Descubre qué hay detrás de la personalidad de la gente chismosa

Es imposible hacer que otras personas dejen de hablar de ti ya sea para mal o para bien, siempre hablarán de ti.

Así que lo mejor es tomarlo por el lado amable como diría la chimoltrufia.

Hay que saber que estás personas son tan infelices con su propia vida, que hablan mal de los demás para creer que su vida es un poco mejor que la tuya.

Vivir su vida se vuelve tan aburrida así que prefieren hablar de los demás.

Tal y como suele decirse, los chismosos no saben ser felices. Están demasiado ocupados en camuflar sus amarguras y desdichadas vidas en habladurías.

Que el Chisme no te controle

El chisme se convierte en muchos casos en un mecanismo de control social que otorga cierto poder a quien lo practica.

Se posiciona en el centro de atención de ese grupo de personas siempre atentas a cualquier chisme.

Con la cual, les permite salir de sus rutinas y aprovechar ese estímulo nuevo a modo de distracción.

En chisme en los tiempos del internet

La psicología del chisme y de los rumores está en pleno auge.
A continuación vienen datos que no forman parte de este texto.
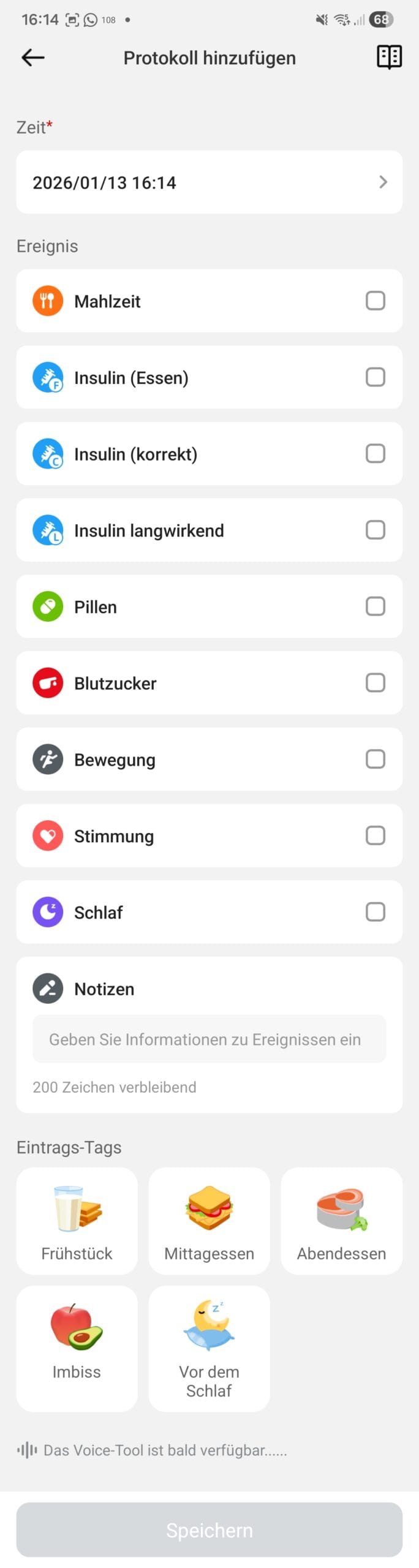 Man hat auch die Möglichkeit, verschiedene Notizen einzugeben, so etwa für Sport, Mahlzeiten, Insuline, Schlaf, Stimmung, Medikamente oder individuell über die Freihandeingabe. Mahlzeiten kann man per Sticker (für jede Mahlzeit), per Foto und über die Eingabe der Kohlehydrate dokumentieren. Die Protokolle, wie die Eintragung von Sport etc pp., lassen sich auch im Nachhinein noch editieren! Berichte lassen sich einfach per Mail versenden. Auch kann man seine Daten für Behandler mit Klinik-ID frei geben. Die Follower-Funktion ist angelegt, funtionierte aber aktuell noch nicht.
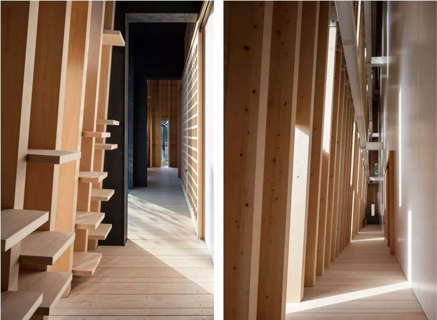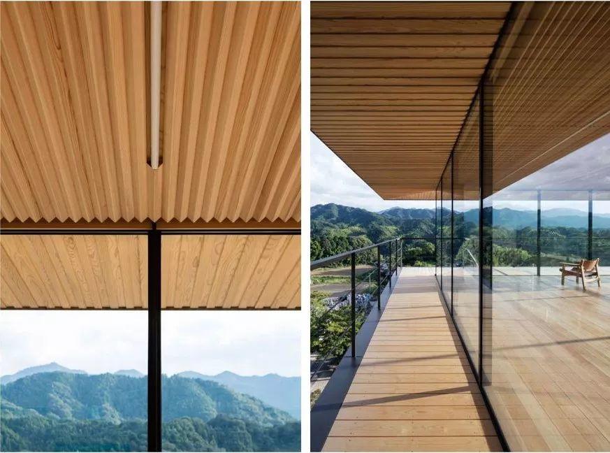 建築師在鋼結構的建築腰部增加了550根檜木,同時加入了88塊玻璃隨機擺放在交錯的木椽間,兼具加固的機能,來適應多風多雨的山中氣候。

Pensemos, lo rápido que llega a «contagiarse» un rumor fundado o infundado en el mundo de las redes sociales.

Internet es ya como un auténtico cerebro que nos nutre con una información que no siempre es verdadera ni es respetuosa con los demás.

Una bella reflexión para dejar de Hablar de los demás

Cuenta la historia que un día un conocido de Sócrates le preguntó:

¡Sócrates! ¿Sabe lo que acabo de escuchar de uno de sus estudiantes?

Espera – dijo él – antes de que me cuentes nada me gustaría hacerte tres preguntas. La primera está relacionada con la verdad, ¿estás seguro de que lo que vas a contarme es cierto?

No – respondió el conocido – acaban de contármelo.

Vaya, no sabes si es cierto no, de acuerdo, ahora la segunda pregunta. Está relacionada con la bondad, lo que vas a decirme de mi estudiante, ¿es algo bueno?

No… – respondió.

Así pues – interrumpió Sócrates – vas a decirme algo malo de otra persona sin saber si es verdad o no.

Veamos, la tercera pregunta está relacionada con la utilizad, lo que vas a contarme, ¿será provechoso para alguien?

En realidad… no…

Bien, bien – respondió el filósofo – quieres contarme algo que no sabes si es verdad, tampoco es bueno y no sirve de provecho.

Entonces, ¿por qué hablar sobre ello? ¡Vete de aquí con tus infundios y bulos!

Sin duda alguna, Sócrates era un hombre inteligente.

Lo queramos o no, nuestra sociedad está construida a base de relaciones de poder donde los chismes y rumores son auténticas armas.

Las verdades manipuladas son útiles para muchas personas, logran posicionarse con ellos y obtienen beneficios muy concretos.

Así pues, es necesario que seamos siempre ese oído inteligente que actúa como barrera, que frena el agravio, el sin sentido, la información falsa y la chispa de ese incendio que siempre ansía llevarse a alguien por delante.

La epidemia de los rumores solo termina cuando por fin, llega al oído de la persona inteligente, a ese corazón vacunado que ni atiende ni responde a lo que no tiene sentido.

Lo más sano en estos casos es dejar que hablen si quieren hacerlo. Y vivir tu vida libremente sin temor al qué dirán, porque hagas lo que hagas siempre hablarán de ti.